Spin the hoop with your foot forward. Place your right leg forward, preferably bent, into a lunge. The left leg is slightly bent and set back. Perform rotations. At regular intervals, change the position of your legs: place your right foot next to your left, lunge forward with your left leg. To give more load, you can increase the amplitude of waist rotation and change the position of your legs more often.

Choosing the right hoop

If you have not practiced with a hula hoop before, take a massage or soft model for beginners - weighing 1-1.6 kg. At the first stage, your task is to learn how to confidently spin a hoop, gradually preparing the body for more serious loads.

Do not be afraid of bruises that may appear after the first sessions with a massage hoop. After 7-10 days they disappear without a trace and do not appear in the future.

But if you have very delicate skin or you just want to avoid the moment your body gets used to the effects of massage elements, use a special neoprene belt. It will prevent the appearance of bruises in the waist area, and will also enhance the effect of training due to the active breakdown of fat deposits in combination with the removal of toxins from skin cells.

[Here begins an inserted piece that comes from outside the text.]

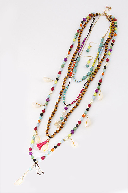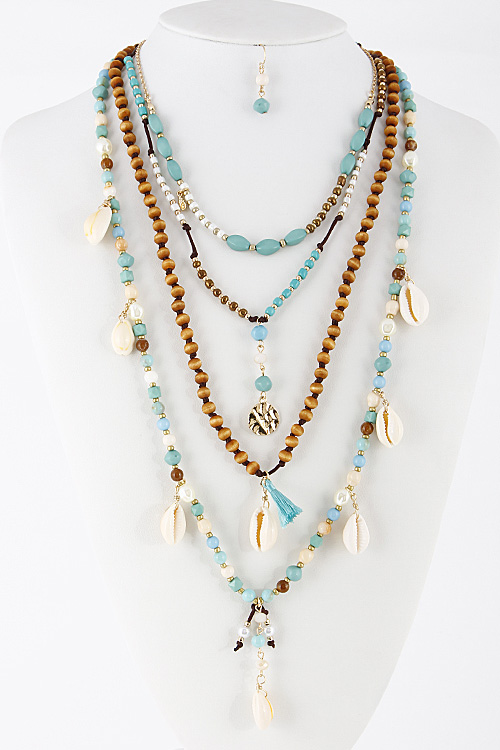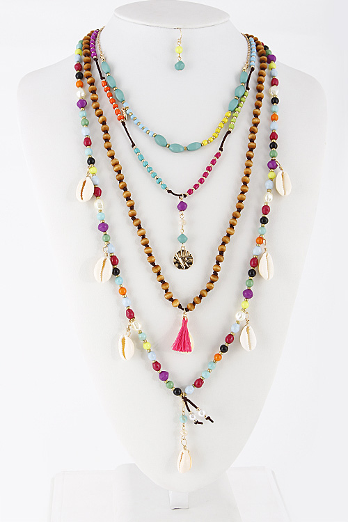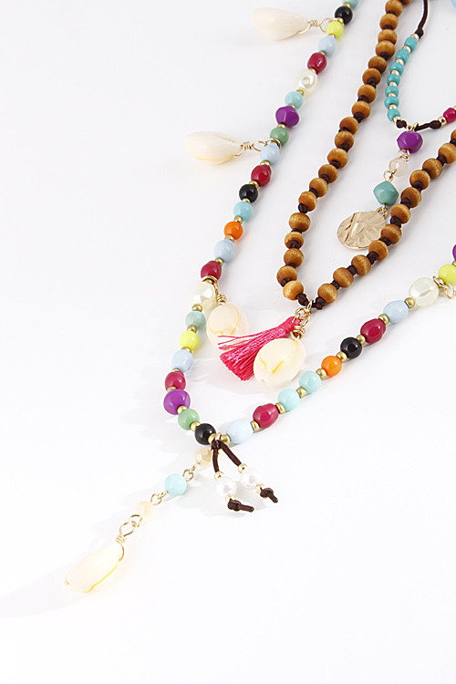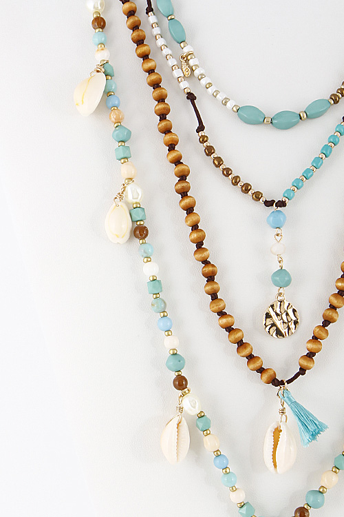 • * Four Layered Beaded Long Necklace With Shells 6CBH5 * 16" approx. * 22" approx. * 28" approx.

A little about the benefits and contraindications

The benefits of hula hooping are invaluable, especially for your appearance. Here's what it gives:

  • Hoop exercises are very useful for losing weight. Subcutaneous fat is literally crushed, as a result of which it begins to burn faster. This allows you to remove the protruding belly and sides.
  • Since the exercises involve the abdominal muscles, they will gradually strengthen and become more prominent.
  • This is a kind of massage that accelerates blood circulation in the abdominal area and metabolic processes. This means that you can get rid of extra pounds and the things you hate.
  • Improving blood supply in this area allows you to improve the functioning of internal organs. Many people note that digestion is normalized.

Now about the contraindications:

  • Severe degree of varicose veins.
  • Diseases of the abdominal organs.
  • Gynecological diseases.
  • You should not exercise during menstruation, as this may cause bleeding.
  • The period of pregnancy and the first time after childbirth (1.5-2 months).

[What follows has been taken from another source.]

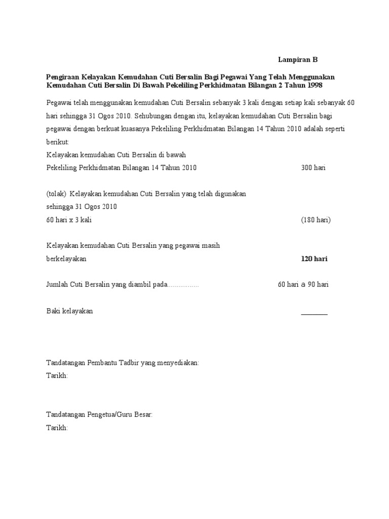 Cuti bersalin pegawai hendaklah mengambil cuti bersalin antara 60 hingga 90 hari dengan menggunakan kemudahan berikut. 1 lampiran b jpa saraan 223 5 4 3 jld. Permohonan cuti bersalin hanya akan diproses setelah pihak kami menerima surat akuan bersalin daripada klinik hospital kerajaan atau swasta. Maklumat hendaklah dilengkapkan dengan jelas dan menggunakan huruf besar perakuan bersalin surat.

How exactly should you spin a hula hoop?

There are several secrets from professional trainers:

  • At first, place your feet shoulder-width apart, which will provide more stability to your body. But over time, try to place your feet as close to each other as possible. Because the smaller the distance between the feet, the more the muscles tense during exercise. That is, you will simultaneously burn calories intensively and model your silhouette.
  • Once you can hula hoop for a long time while standing in one place, complicate the exercise with additional movements. At first, you can take steps in different directions: forward, backward, left, right. And then add more complex elements - for example, leg lunges.
  • Alternate sides and tempo of rotation. That is, for the first half of the workout, spin the hoop to the left, and then to the right. Start spinning slowly, gradually increasing the pace, and then slowing down again.
  • Work out to rhythmic music to make your workout dynamic and enjoyable. Some novice athletes spin the hula hoop while watching TV series, but it is better to focus on the hula hoop, watching your body position, tempo, and breathing.
  • Take measured and deep breaths: this way you will avoid shortness of breath.

When can you spin a hula hoop after a cesarean section, how long after can you spin a hula hoop?

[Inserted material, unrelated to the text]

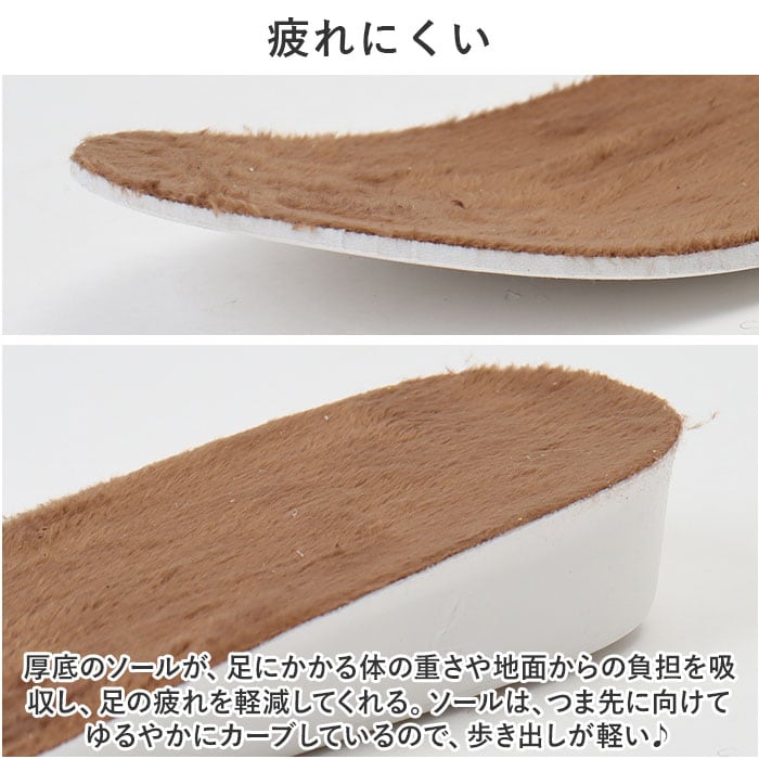 ・厚底のソールが、足にかかる体の重さや地面からの負担を吸収し、足の疲れを軽減してくれる。ソールは、つま先に向けてゆるやかにカーブしているので、歩き出しが軽い♪

You can twist a hula hoop after a caesarean section only after undergoing full rehabilitation, which lasts up to 6 months. Of course, everything is individual; some women return to their usual sports activities as early as 5 months after surgical delivery. A doctor must give permission to start training.

Regular hula hoop exercises will help tighten sagging skin on your stomach, reduce your waist size, and even reduce the intensity of stretch marks.

A hoop is an affordable and easy-to-use sports equipment, but it also has contraindications for use (complications, wounds in the abdominal area, injuries, etc.).